(Excerpts from a dataset)

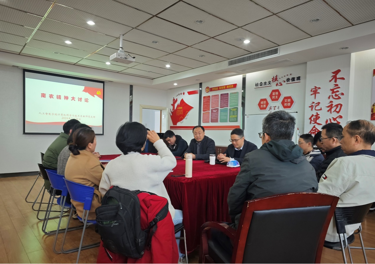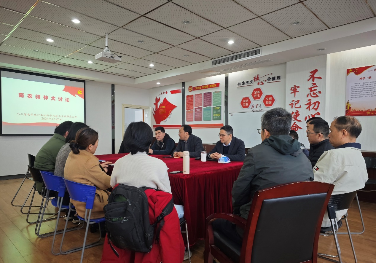 3月26日上午,计算机科学与技术系教师党支部在卫岗校区召开“新时代南农精神”大讨论活动,旨在深入探讨学校秉持的精神内涵和核心价值观,进一步凝聚共识,推动学校和院系高质量发展。学院副院长(主持工作)陆明洲,全体支部成员及系教师参加会议。会议由支部书记胡滨主持。
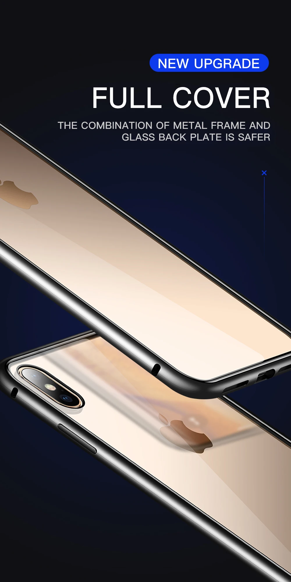 Full Cover The combination of metal frame and glass back plate is safer
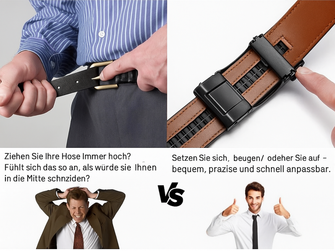 ✅ Smartes Klicksystem – Schiebe den Gürtel durch die Schnalle, höre das Klicken. Lösen Sie ihn einfach mit dem versteckten Griff.
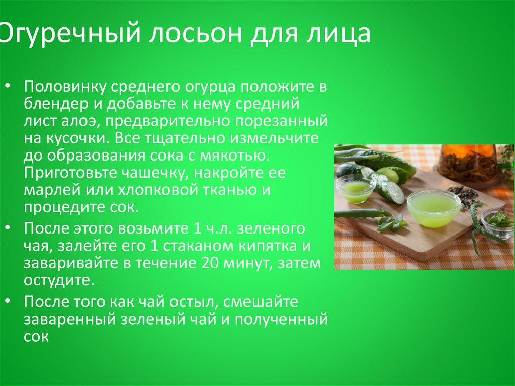 Огуречный лосьон для лица• Половинку среднего огурца положите в
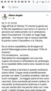 “02.11.21 22:33 Oggi all’hub di Villorba TV, mentre la gente era in fila che aspettava il suo turno x il vaccino, 5 persone son state portate via in ambulanza dopo l’inoculazione. C’è stato un fuggi fuggi generale… ma nessun rigo in nessun giornale di partito come il Gazzettino o la Tribuna.
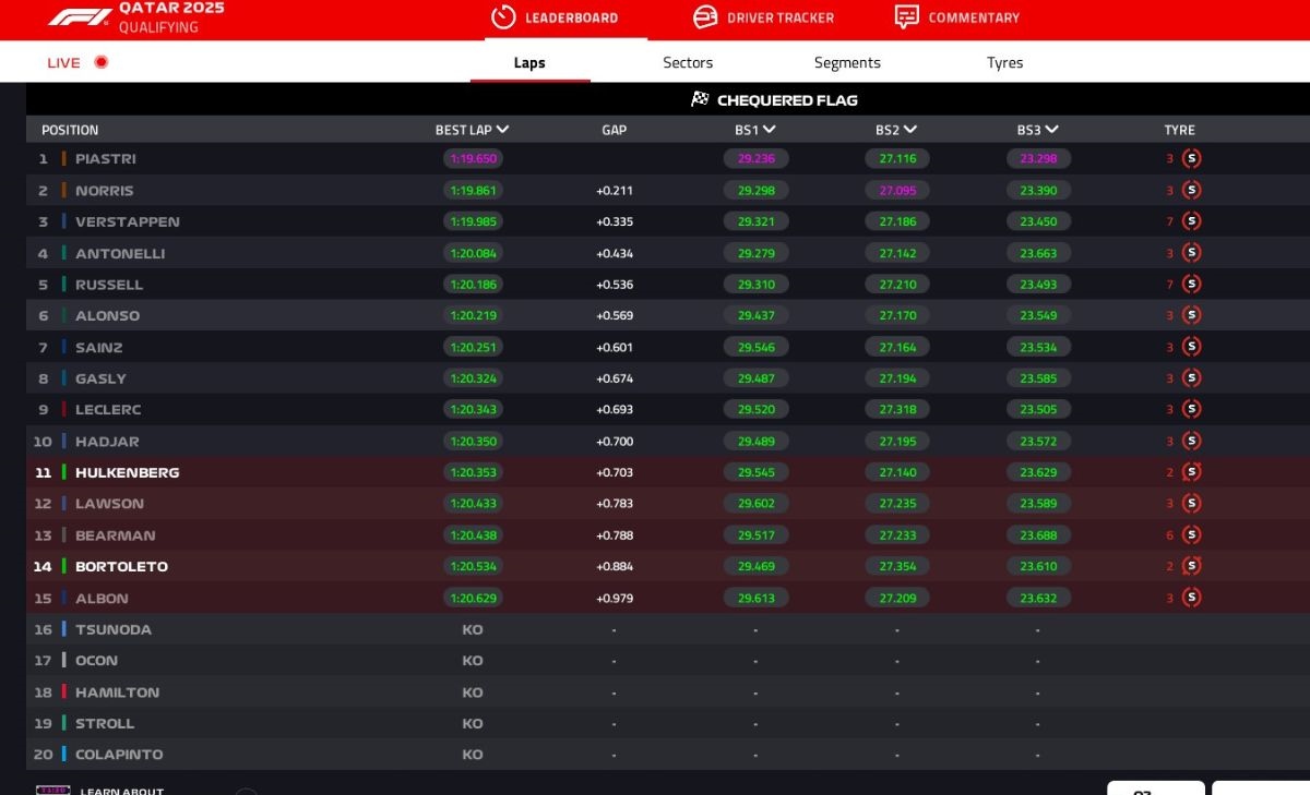 19:52 - Piastri in P2 a soli 35 millesimi: 1'19''530. Hadjar terszo in 1'20''114, Sainz in 1'20''707
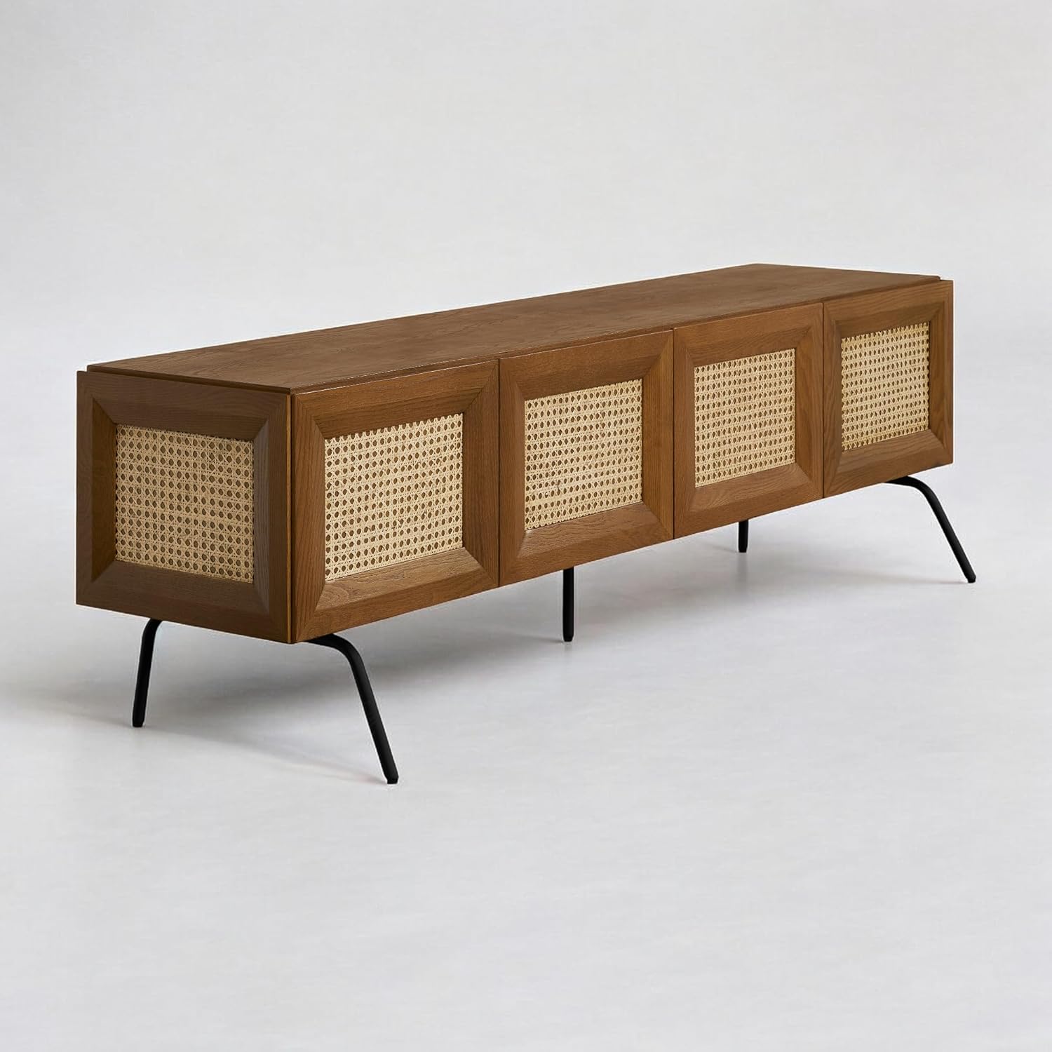 - NATURAL RATTAN ACCENTS – The handwoven rattan door panels add warmth and texture, offering a natural, airy feel while ensuring proper ventilation for media devices.
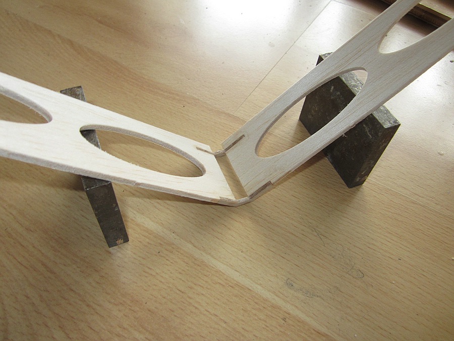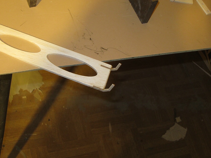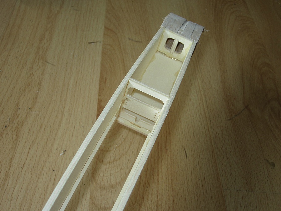 Die Spanten und Flächenbefestigungen aus Sperrholz des vorderen Rumpfbereichs werden auf der Innenseite der Rumpfseitenwand aufgebaut, die Balsaspanten des hinteren Rumfbereichs auf dem Rumpfboden.
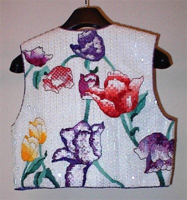 heavily embellished with seed beads and bugle beads. Design by June Moes.
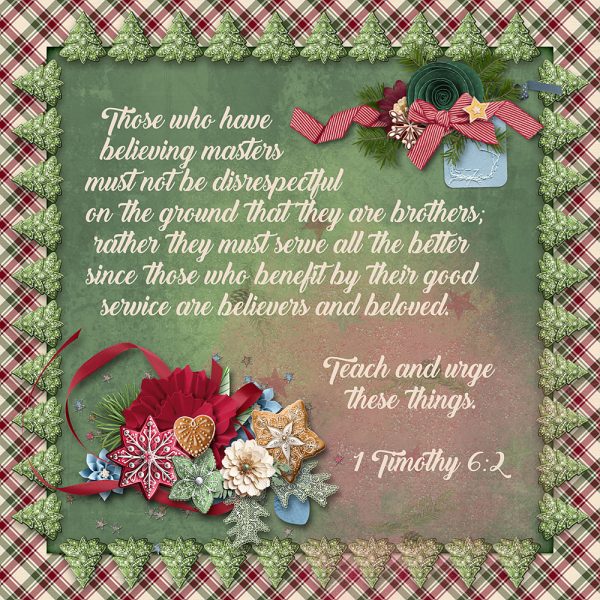Those who have believing masters must not be disrespectful on the ground that they are brothers; rather they must serve all the better since those who benefit by their good service are believers and beloved. Teach and urge these things. 1 Timothy 6:2
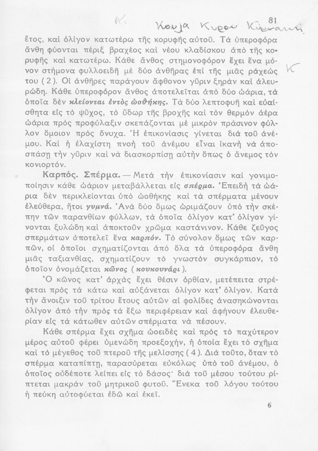 Βαθμίδα εκπαίδευσης: Δευτεροβάθμια Τάξη: Γ' Γυμνασίου / Β' Αστικού Σχολείου Μάθημα: Φυτολογία Γλώσσα: Καθαρεύουσα Παρουσίαση περιεχομένου: Σχολικό εγχειρίδιο Φυτολογίας για τη Γ΄ Γυμνασίου και τη Β΄ τάξη των Αστικών σχολείων που περιέχει πληροφορίες για τα φυτά της Ελλάδας καθώς και στοιχεία Ζωολογίας για ζώα διαφόρων τόπων. Σχέδια και ζωγραφιές της μαθήτριας στο βιβλίο. |
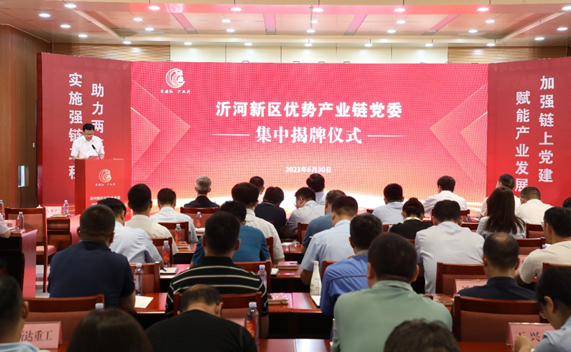 6月30日,沂河新區(qū)優(yōu)勢(shì)產(chǎn)業(yè)鏈黨委集中揭牌儀式在臨工舉行。臨沂市委常委、組織部部長(zhǎng)、統(tǒng)戰(zhàn)部部長(zhǎng)趙紀(jì)鋼,沂河新區(qū)黨工委副書記、臨沂經(jīng)濟(jì)技術(shù)開發(fā)區(qū)管委會(huì)主任陳一兵,沂河新區(qū)黨工委副書記、臨沂經(jīng)濟(jì)技術(shù)開發(fā)區(qū)服務(wù)中心主任、黨委書記張偉峰,市委兩新組織工委專職副書記吉祥出席儀式。臨沂經(jīng)濟(jì)技術(shù)開發(fā)區(qū)黨工委副書記石少?gòu)V主持儀式。
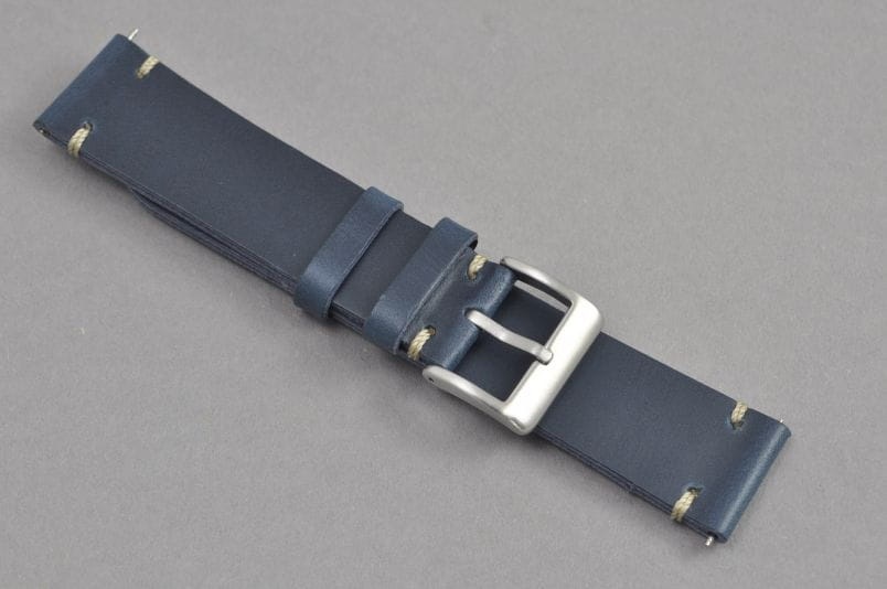 Pasek wykonany z naturalnej skóry o matowym wykończeniu i naturalnej strukturze. Płaski, klejony, dość miękki. Pasek przeszyty ozdobnymi pętelkami przy mocowaniu i klamerce. Dwie szlufki, metalowa klamerka.

* REQUIRED ACTION *
Give the data above again exactly. Leave the pictures out.

* FINAL ANSWER *
 3月26日上午,计算机科学与技术系教师党支部在卫岗校区召开“新时代南农精神”大讨论活动,旨在深入探讨学校秉持的精神内涵和核心价值观,进一步凝聚共识,推动学校和院系高质量发展。学院副院长(主持工作)陆明洲,全体支部成员及系教师参加会议。会议由支部书记胡滨主持。
 Full Cover The combination of metal frame and glass back plate is safer
 ✅ Smartes Klicksystem – Schiebe den Gürtel durch die Schnalle, höre das Klicken. Lösen Sie ihn einfach mit dem versteckten Griff.
 Огуречный лосьон для лица• Половинку среднего огурца положите в
 “02.11.21 22:33 Oggi all’hub di Villorba TV, mentre la gente era in fila che aspettava il suo turno x il vaccino, 5 persone son state portate via in ambulanza dopo l’inoculazione. C’è stato un fuggi fuggi generale… ma nessun rigo in nessun giornale di partito come il Gazzettino o la Tribuna.
 19:52 - Piastri in P2 a soli 35 millesimi: 1'19''530. Hadjar terszo in 1'20''114, Sainz in 1'20''707
 - NATURAL RATTAN ACCENTS – The handwoven rattan door panels add warmth and texture, offering a natural, airy feel while ensuring proper ventilation for media devices.
 Die Spanten und Flächenbefestigungen aus Sperrholz des vorderen Rumpfbereichs werden auf der Innenseite der Rumpfseitenwand aufgebaut, die Balsaspanten des hinteren Rumfbereichs auf dem Rumpfboden.
 heavily embellished with seed beads and bugle beads. Design by June Moes.
Those who have believing masters must not be disrespectful on the ground that they are brothers; rather they must serve all the better since those who benefit by their good service are believers and beloved. Teach and urge these things. 1 Timothy 6:2
 Βαθμίδα εκπαίδευσης: Δευτεροβάθμια Τάξη: Γ' Γυμνασίου / Β' Αστικού Σχολείου Μάθημα: Φυτολογία Γλώσσα: Καθαρεύουσα Παρουσίαση περιεχομένου: Σχολικό εγχειρίδιο Φυτολογίας για τη Γ΄ Γυμνασίου και τη Β΄ τάξη των Αστικών σχολείων που περιέχει πληροφορίες για τα φυτά της Ελλάδας καθώς και στοιχεία Ζωολογίας για ζώα διαφόρων τόπων. Σχέδια και ζωγραφιές της μαθήτριας στο βιβλίο. |
 6月30日,沂河新區(qū)優(yōu)勢(shì)產(chǎn)業(yè)鏈黨委集中揭牌儀式在臨工舉行。臨沂市委常委、組織部部長(zhǎng)、統(tǒng)戰(zhàn)部部長(zhǎng)趙紀(jì)鋼,沂河新區(qū)黨工委副書記、臨沂經(jīng)濟(jì)技術(shù)開發(fā)區(qū)管委會(huì)主任陳一兵,沂河新區(qū)黨工委副書記、臨沂經(jīng)濟(jì)技術(shù)開發(fā)區(qū)服務(wù)中心主任、黨委書記張偉峰,市委兩新組織工委專職副書記吉祥出席儀式。臨沂經(jīng)濟(jì)技術(shù)開發(fā)區(qū)黨工委副書記石少?gòu)V主持儀式。
 Pasek wykonany z naturalnej skóry o matowym wykończeniu i naturalnej strukturze. Płaski, klejony, dość miękki. Pasek przeszyty ozdobnymi pętelkami przy mocowaniu i klamerce. Dwie szlufki, metalowa klamerka.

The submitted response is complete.